Any obligation to comply with the Site Attendance Policy therefore depended on whether his employers’ direction to comply with it was a reasonable and lawful direction. The Full Bench held that it was not a reasonable and lawful direction, because it was essentially a direction to give his consent to the collection of his sensitive information. Its reasons were as follows:

  • Australian Privacy Principle (APP) 5 under the Privacy Act required Superior Wood to give employees a privacy collection notice relating to its collection of their biometric data. While Superior Wood gave employees some information about the purpose for collecting the information, it did not provide all the information required.
  • APP 3.3 prohibits the collection of sensitive information about an individual unless the individual consents and the information is reasonably necessary for one or more of the organisation’s functions or activities.
  • One of the exemptions contained in section 7B(3) of the Privacy Act is the employee records exemption, which means an employer does not have to comply with the Privacy Act in relation to an employee record held about an individual. The exemption does not extend to the creation of future records. The APPs apply up to the point of collection of personal information, at which point the employee records exemption would come into play.
  • Superior Wood’s direction to Mr Lee to submit to the collection of his sensitive information, in circumstances where he did not give his consent, was not a lawful direction. The Full Bench stated that it was therefore not necessary to determine whether it was a reasonable direction. It did, however, give its opinion that the direction was unreasonable, as a necessary counterpart to a right to consent to something is the right to refuse it. Any consent that might have been given by an employee once they had been told they would face disciplinary action or dismissal for not consenting would not be genuine consent. The refusal to follow an unlawful direction was not a valid reason for Mr Lee’s dismissal.
  • The collection of biometric data for use in the biometric scanners was also not “reasonably necessary”. Other options that had been proposed to Superior Wood included key fobs, swipe cards, computer and mobile log in systems, as well as SMS and email options. There was no evidence that Superior Wood had evaluated the costs of these alternative options. Further, manual sign in and out sheets continued to be used at the work site after Mr Lee was dismissed. While the introduction of the scanners was “administratively convenient” for Superior Wood, the evidence that it was “reasonably necessary” was not compelling. Had Superior Wood’s direction to Mr Lee been lawful, it might have been reasonable to decline to make an exception for him, as he was the only one of some 400 employees who sought the use of a method of registering attendance other than by the use of the scanners. That did not mean it was “reasonably necessary” to collect his fingerprint in the absence of considering other options.

The Full Bench therefore upheld Mr Lee’s appeal and reheard his application. It quashed the decision at first instance and determined that Mr Lee’s dismissal was unfair.

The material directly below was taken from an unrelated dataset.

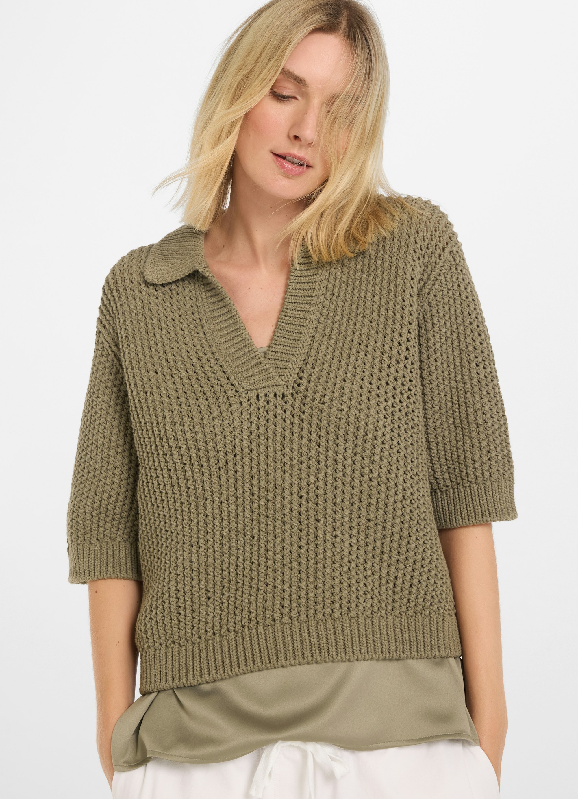 - Cropped short-sleeved polo shirt

While Superior Wood had provided procedural fairness to Mr Lee, the procedural fairness factors were outweighed by the absence of a valid reason for his dismissal. The Full Bench remitted the question of determining a remedy to a single Commissioner.

Implications for Schools

Pending any appeal to the Federal Court and comment from the Office of the Australian Information Commissioner, schools would be advised to:

  • have in place a compliant “privacy by design” policy and supporting program which is published and effectively implemented
  • assess whether your organisational privacy policy (which is hopefully compliant with the Privacy Act) would impact on your collection, use, storage and disclosure of employee records  
  • identify any gaps in internal procedures relating to employee records where it would be reasonable for privacy protections, as specified in the Privacy Act, to apply
  • review employment contracts to see if they include specific provisions relating to the collection and use of reasonably necessary personal information and sensitive information (such as health, medical, biometric, as defined in the Privacy Act) and including workplace surveillance, be it electronic images, or other.